**How to complete this task**
Write out every record below exactly, leaving the pictures out.

Excerpts from a dataset:
==============================

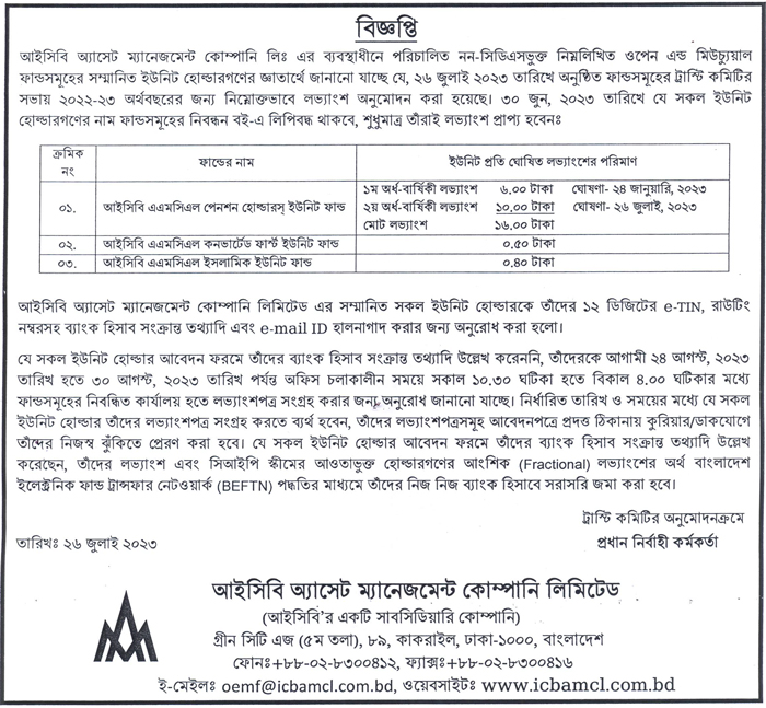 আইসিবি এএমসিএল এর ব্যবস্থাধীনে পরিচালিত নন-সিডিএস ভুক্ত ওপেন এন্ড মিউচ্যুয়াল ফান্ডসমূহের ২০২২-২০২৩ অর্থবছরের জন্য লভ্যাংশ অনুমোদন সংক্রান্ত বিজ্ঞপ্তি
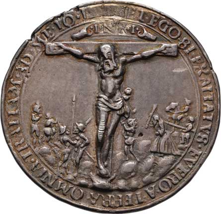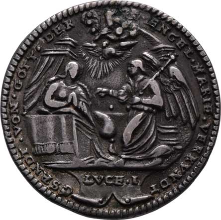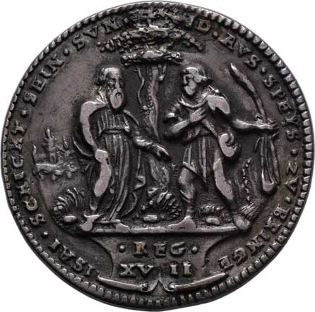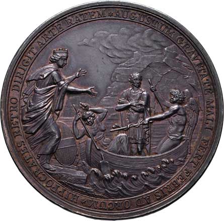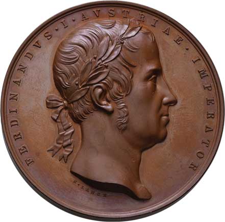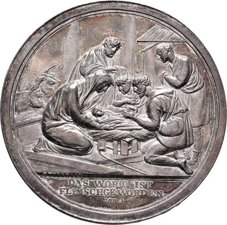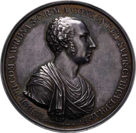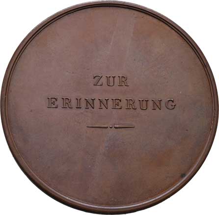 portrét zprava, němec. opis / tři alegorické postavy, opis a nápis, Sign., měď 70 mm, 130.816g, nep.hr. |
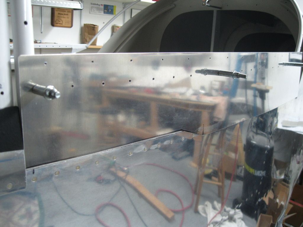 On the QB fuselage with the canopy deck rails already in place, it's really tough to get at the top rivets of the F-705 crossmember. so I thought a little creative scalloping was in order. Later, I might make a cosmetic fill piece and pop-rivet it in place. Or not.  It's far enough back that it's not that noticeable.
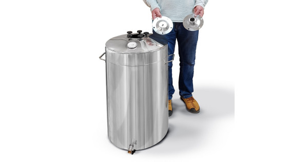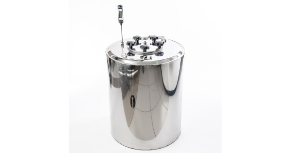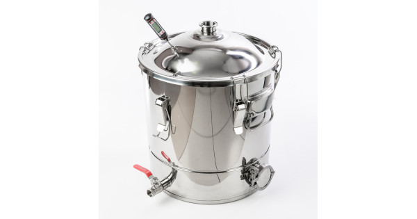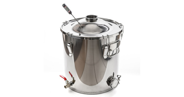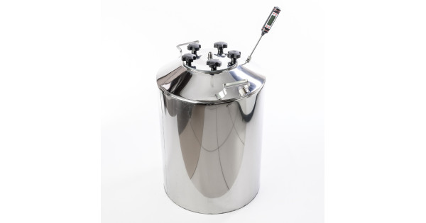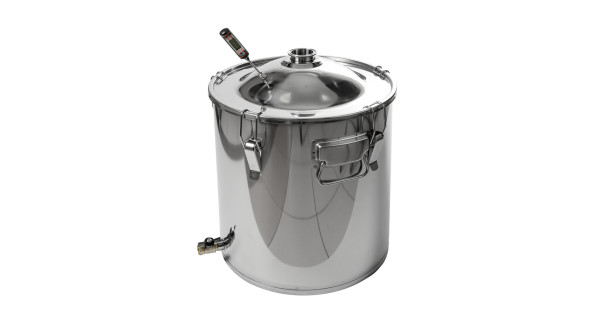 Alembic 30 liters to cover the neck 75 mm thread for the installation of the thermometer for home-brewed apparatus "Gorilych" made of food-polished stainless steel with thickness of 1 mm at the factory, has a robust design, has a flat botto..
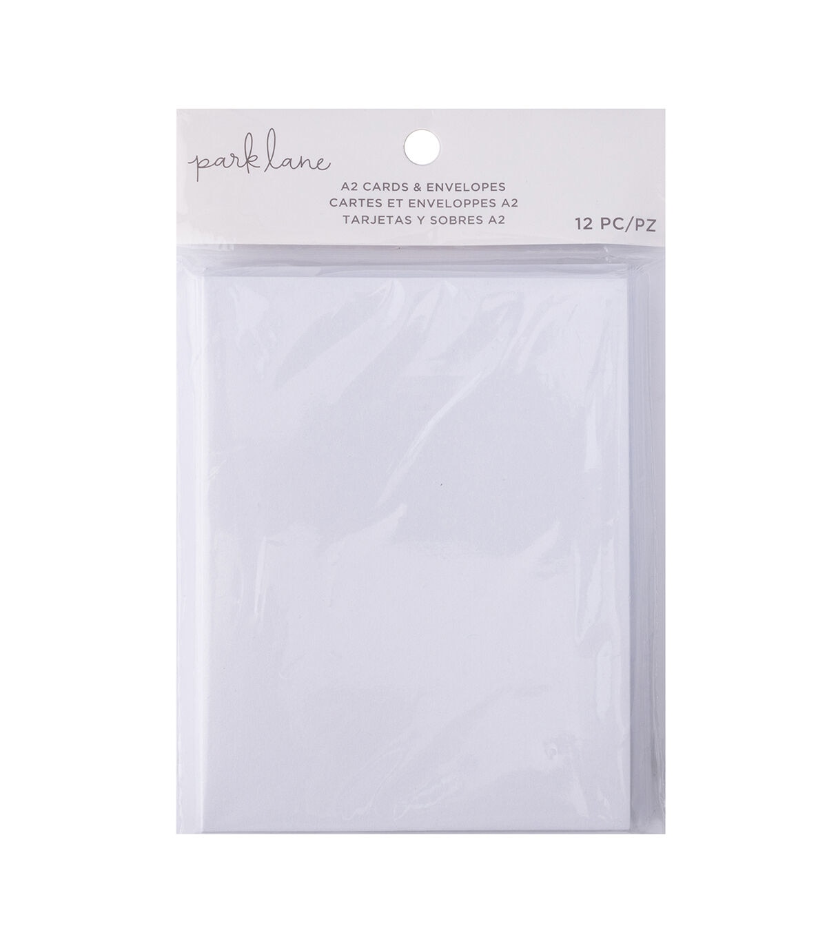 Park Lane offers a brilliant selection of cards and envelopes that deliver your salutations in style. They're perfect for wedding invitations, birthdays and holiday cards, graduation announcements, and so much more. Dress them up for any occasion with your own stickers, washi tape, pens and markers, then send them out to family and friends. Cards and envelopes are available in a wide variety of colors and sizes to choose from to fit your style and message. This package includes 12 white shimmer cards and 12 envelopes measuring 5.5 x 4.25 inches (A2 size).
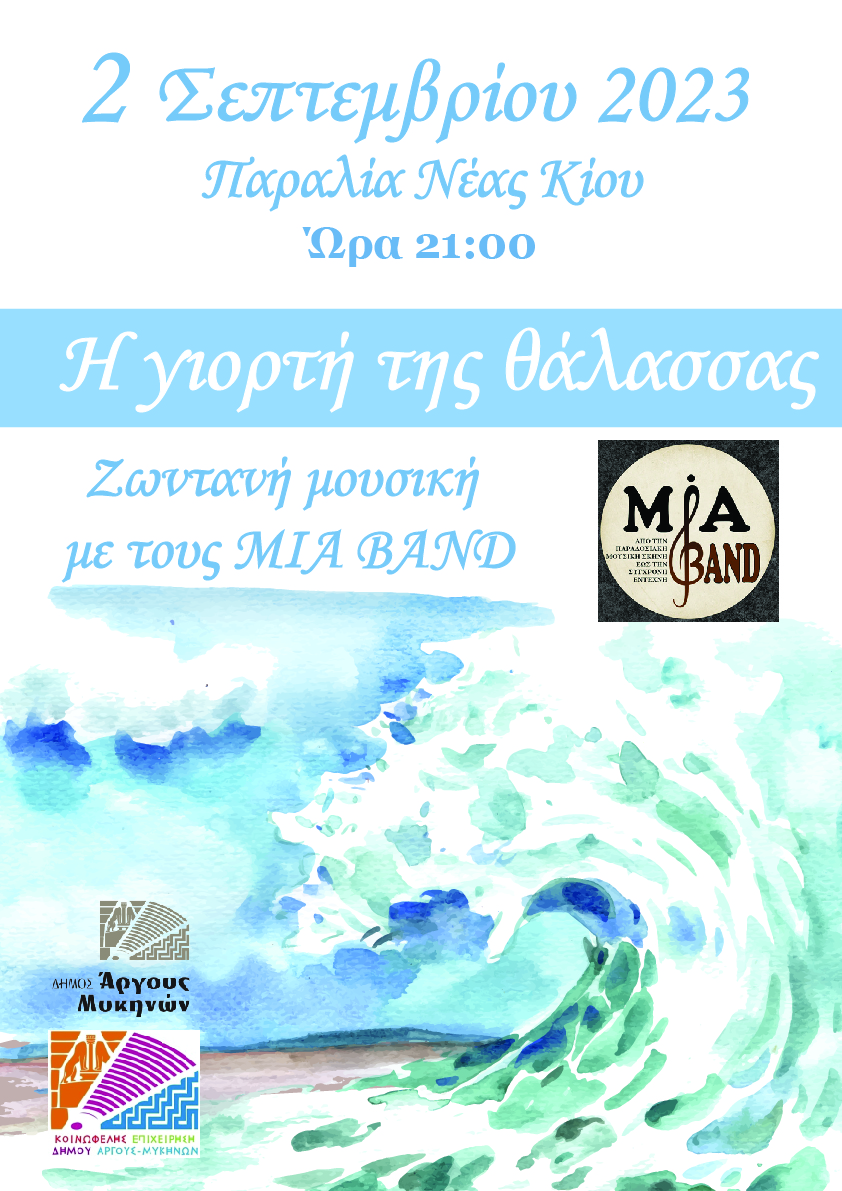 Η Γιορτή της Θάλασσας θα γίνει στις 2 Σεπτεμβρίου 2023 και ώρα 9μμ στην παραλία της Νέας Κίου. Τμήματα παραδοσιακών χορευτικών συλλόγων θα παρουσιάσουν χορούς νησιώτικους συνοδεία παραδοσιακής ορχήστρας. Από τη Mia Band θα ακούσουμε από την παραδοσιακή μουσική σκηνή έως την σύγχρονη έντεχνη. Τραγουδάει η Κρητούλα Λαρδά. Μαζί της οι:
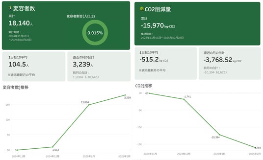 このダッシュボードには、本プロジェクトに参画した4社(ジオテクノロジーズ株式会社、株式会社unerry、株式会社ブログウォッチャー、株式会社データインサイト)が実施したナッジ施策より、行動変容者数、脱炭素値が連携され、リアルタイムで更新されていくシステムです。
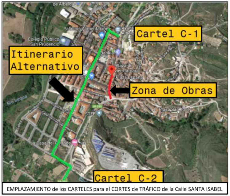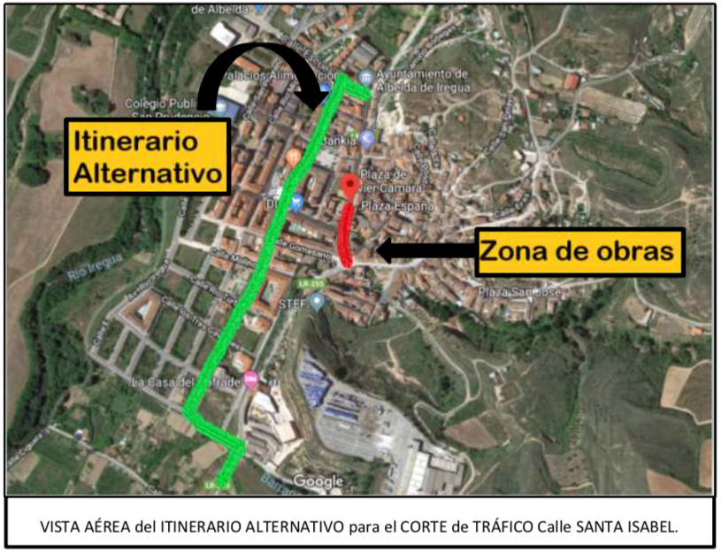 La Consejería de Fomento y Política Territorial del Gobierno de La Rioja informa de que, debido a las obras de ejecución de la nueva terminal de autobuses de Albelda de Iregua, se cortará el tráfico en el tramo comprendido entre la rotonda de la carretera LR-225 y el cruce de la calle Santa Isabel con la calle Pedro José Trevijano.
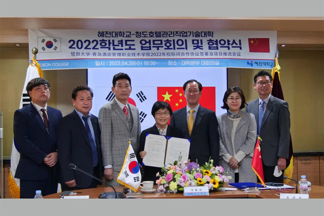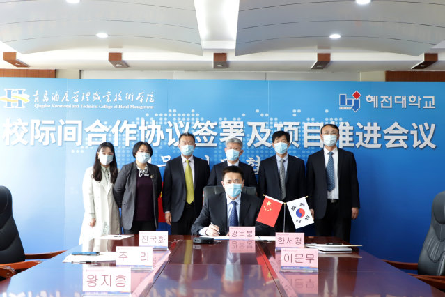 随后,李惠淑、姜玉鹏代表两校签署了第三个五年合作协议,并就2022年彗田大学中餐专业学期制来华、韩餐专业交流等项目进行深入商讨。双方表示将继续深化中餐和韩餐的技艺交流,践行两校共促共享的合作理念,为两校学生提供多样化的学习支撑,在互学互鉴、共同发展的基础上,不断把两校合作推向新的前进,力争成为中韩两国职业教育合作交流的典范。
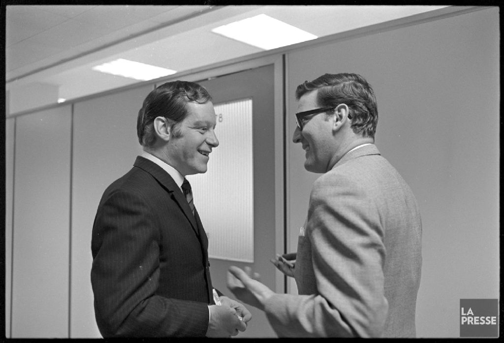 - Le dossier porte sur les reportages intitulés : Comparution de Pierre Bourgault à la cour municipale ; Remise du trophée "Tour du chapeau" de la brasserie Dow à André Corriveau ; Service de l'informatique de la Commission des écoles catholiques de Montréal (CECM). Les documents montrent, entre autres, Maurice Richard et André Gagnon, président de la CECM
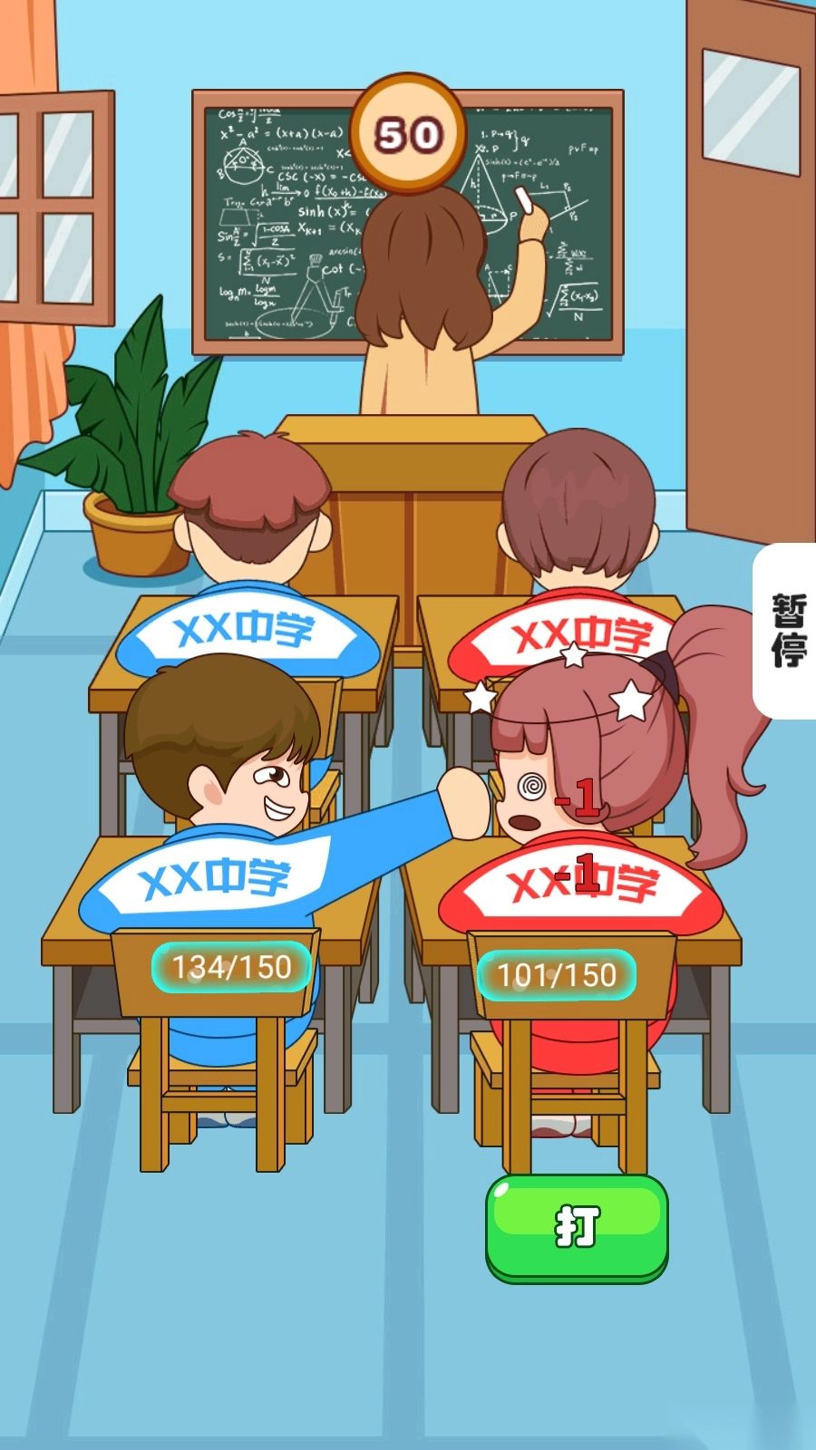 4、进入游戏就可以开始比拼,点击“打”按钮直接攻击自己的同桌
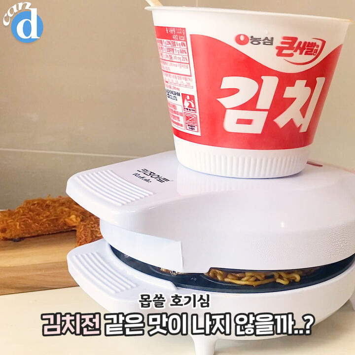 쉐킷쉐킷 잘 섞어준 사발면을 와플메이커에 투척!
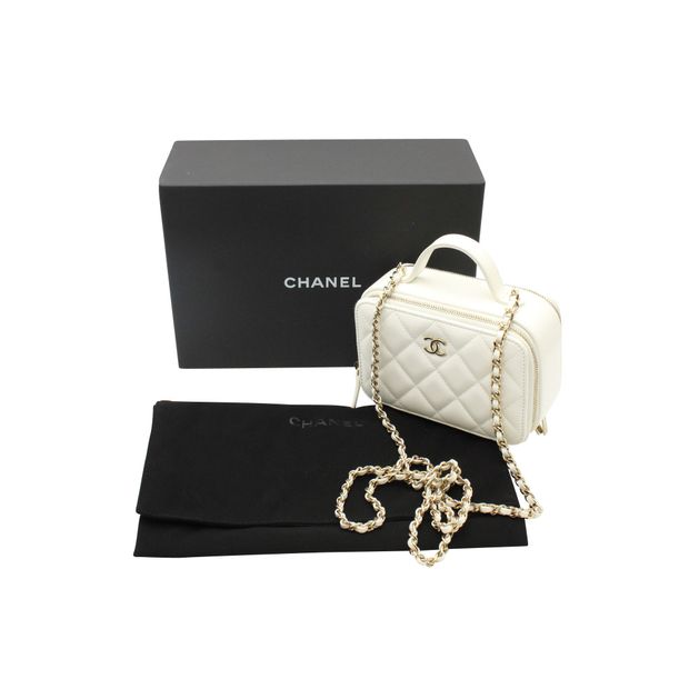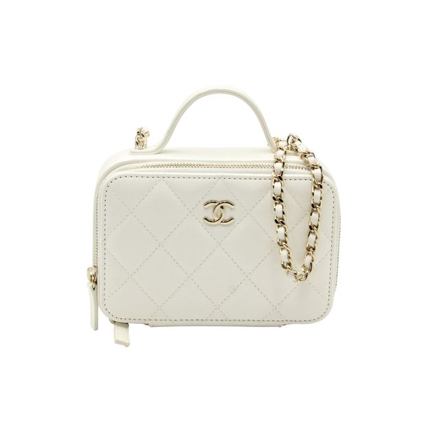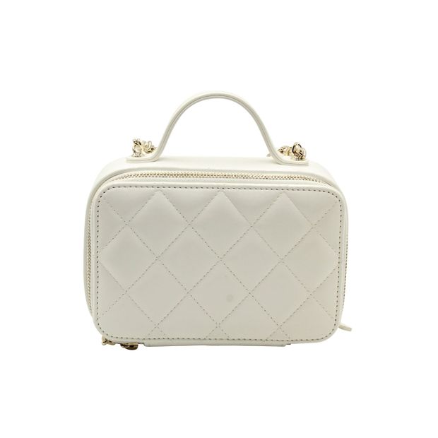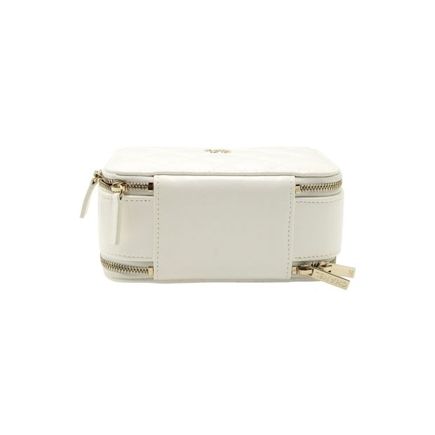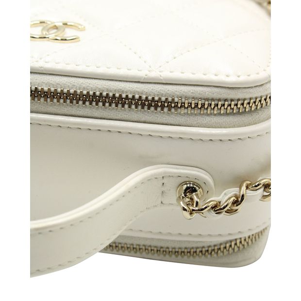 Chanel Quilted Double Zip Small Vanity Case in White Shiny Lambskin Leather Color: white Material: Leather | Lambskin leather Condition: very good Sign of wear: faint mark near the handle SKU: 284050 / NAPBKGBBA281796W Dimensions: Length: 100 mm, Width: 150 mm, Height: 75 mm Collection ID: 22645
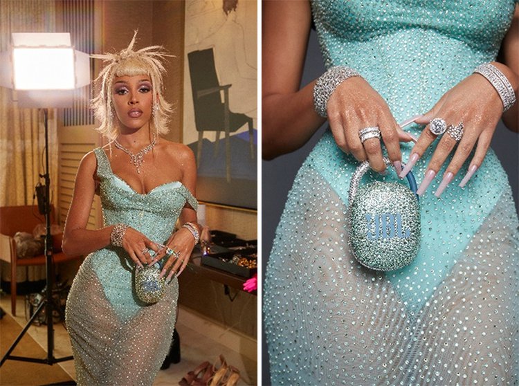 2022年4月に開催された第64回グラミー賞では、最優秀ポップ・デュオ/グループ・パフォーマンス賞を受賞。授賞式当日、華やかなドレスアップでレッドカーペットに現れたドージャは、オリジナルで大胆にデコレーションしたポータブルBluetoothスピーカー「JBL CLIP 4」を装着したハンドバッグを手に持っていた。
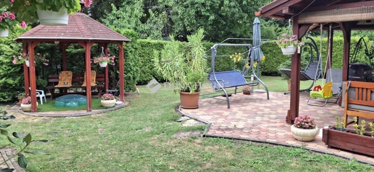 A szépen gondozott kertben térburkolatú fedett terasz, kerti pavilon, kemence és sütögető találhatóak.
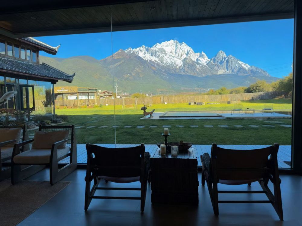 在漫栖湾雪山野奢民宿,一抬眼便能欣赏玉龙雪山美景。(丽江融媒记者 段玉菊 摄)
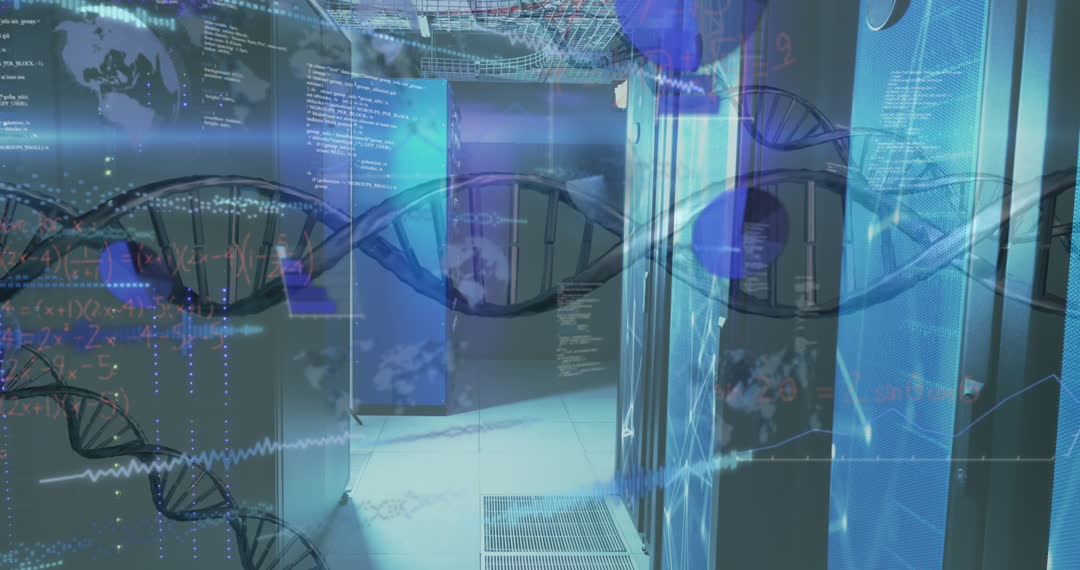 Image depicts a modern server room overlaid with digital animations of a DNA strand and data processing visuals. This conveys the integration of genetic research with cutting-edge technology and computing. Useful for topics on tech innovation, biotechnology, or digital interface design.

==============================

**Answer to this task**
 আইসিবি এএমসিএল এর ব্যবস্থাধীনে পরিচালিত নন-সিডিএস ভুক্ত ওপেন এন্ড মিউচ্যুয়াল ফান্ডসমূহের ২০২২-২০২৩ অর্থবছরের জন্য লভ্যাংশ অনুমোদন সংক্রান্ত বিজ্ঞপ্তি
 portrét zprava, němec. opis / tři alegorické postavy, opis a nápis, Sign., měď 70 mm, 130.816g, nep.hr. |
 On the QB fuselage with the canopy deck rails already in place, it's really tough to get at the top rivets of the F-705 crossmember. so I thought a little creative scalloping was in order. Later, I might make a cosmetic fill piece and pop-rivet it in place. Or not.  It's far enough back that it's not that noticeable.
 Alembic 30 liters to cover the neck 75 mm thread for the installation of the thermometer for home-brewed apparatus "Gorilych" made of food-polished stainless steel with thickness of 1 mm at the factory, has a robust design, has a flat botto..
 Park Lane offers a brilliant selection of cards and envelopes that deliver your salutations in style. They're perfect for wedding invitations, birthdays and holiday cards, graduation announcements, and so much more. Dress them up for any occasion with your own stickers, washi tape, pens and markers, then send them out to family and friends. Cards and envelopes are available in a wide variety of colors and sizes to choose from to fit your style and message. This package includes 12 white shimmer cards and 12 envelopes measuring 5.5 x 4.25 inches (A2 size).
 Η Γιορτή της Θάλασσας θα γίνει στις 2 Σεπτεμβρίου 2023 και ώρα 9μμ στην παραλία της Νέας Κίου. Τμήματα παραδοσιακών χορευτικών συλλόγων θα παρουσιάσουν χορούς νησιώτικους συνοδεία παραδοσιακής ορχήστρας. Από τη Mia Band θα ακούσουμε από την παραδοσιακή μουσική σκηνή έως την σύγχρονη έντεχνη. Τραγουδάει η Κρητούλα Λαρδά. Μαζί της οι:
 このダッシュボードには、本プロジェクトに参画した4社(ジオテクノロジーズ株式会社、株式会社unerry、株式会社ブログウォッチャー、株式会社データインサイト)が実施したナッジ施策より、行動変容者数、脱炭素値が連携され、リアルタイムで更新されていくシステムです。
 La Consejería de Fomento y Política Territorial del Gobierno de La Rioja informa de que, debido a las obras de ejecución de la nueva terminal de autobuses de Albelda de Iregua, se cortará el tráfico en el tramo comprendido entre la rotonda de la carretera LR-225 y el cruce de la calle Santa Isabel con la calle Pedro José Trevijano.
 随后,李惠淑、姜玉鹏代表两校签署了第三个五年合作协议,并就2022年彗田大学中餐专业学期制来华、韩餐专业交流等项目进行深入商讨。双方表示将继续深化中餐和韩餐的技艺交流,践行两校共促共享的合作理念,为两校学生提供多样化的学习支撑,在互学互鉴、共同发展的基础上,不断把两校合作推向新的前进,力争成为中韩两国职业教育合作交流的典范。
 - Le dossier porte sur les reportages intitulés : Comparution de Pierre Bourgault à la cour municipale ; Remise du trophée "Tour du chapeau" de la brasserie Dow à André Corriveau ; Service de l'informatique de la Commission des écoles catholiques de Montréal (CECM). Les documents montrent, entre autres, Maurice Richard et André Gagnon, président de la CECM
 4、进入游戏就可以开始比拼,点击“打”按钮直接攻击自己的同桌
 쉐킷쉐킷 잘 섞어준 사발면을 와플메이커에 투척!
 Chanel Quilted Double Zip Small Vanity Case in White Shiny Lambskin Leather Color: white Material: Leather | Lambskin leather Condition: very good Sign of wear: faint mark near the handle SKU: 284050 / NAPBKGBBA281796W Dimensions: Length: 100 mm, Width: 150 mm, Height: 75 mm Collection ID: 22645
 2022年4月に開催された第64回グラミー賞では、最優秀ポップ・デュオ/グループ・パフォーマンス賞を受賞。授賞式当日、華やかなドレスアップでレッドカーペットに現れたドージャは、オリジナルで大胆にデコレーションしたポータブルBluetoothスピーカー「JBL CLIP 4」を装着したハンドバッグを手に持っていた。
 A szépen gondozott kertben térburkolatú fedett terasz, kerti pavilon, kemence és sütögető találhatóak.
 在漫栖湾雪山野奢民宿,一抬眼便能欣赏玉龙雪山美景。(丽江融媒记者 段玉菊 摄)
 Image depicts a modern server room overlaid with digital animations of a DNA strand and data processing visuals. This conveys the integration of genetic research with cutting-edge technology and computing. Useful for topics on tech innovation, biotechnology, or digital interface design.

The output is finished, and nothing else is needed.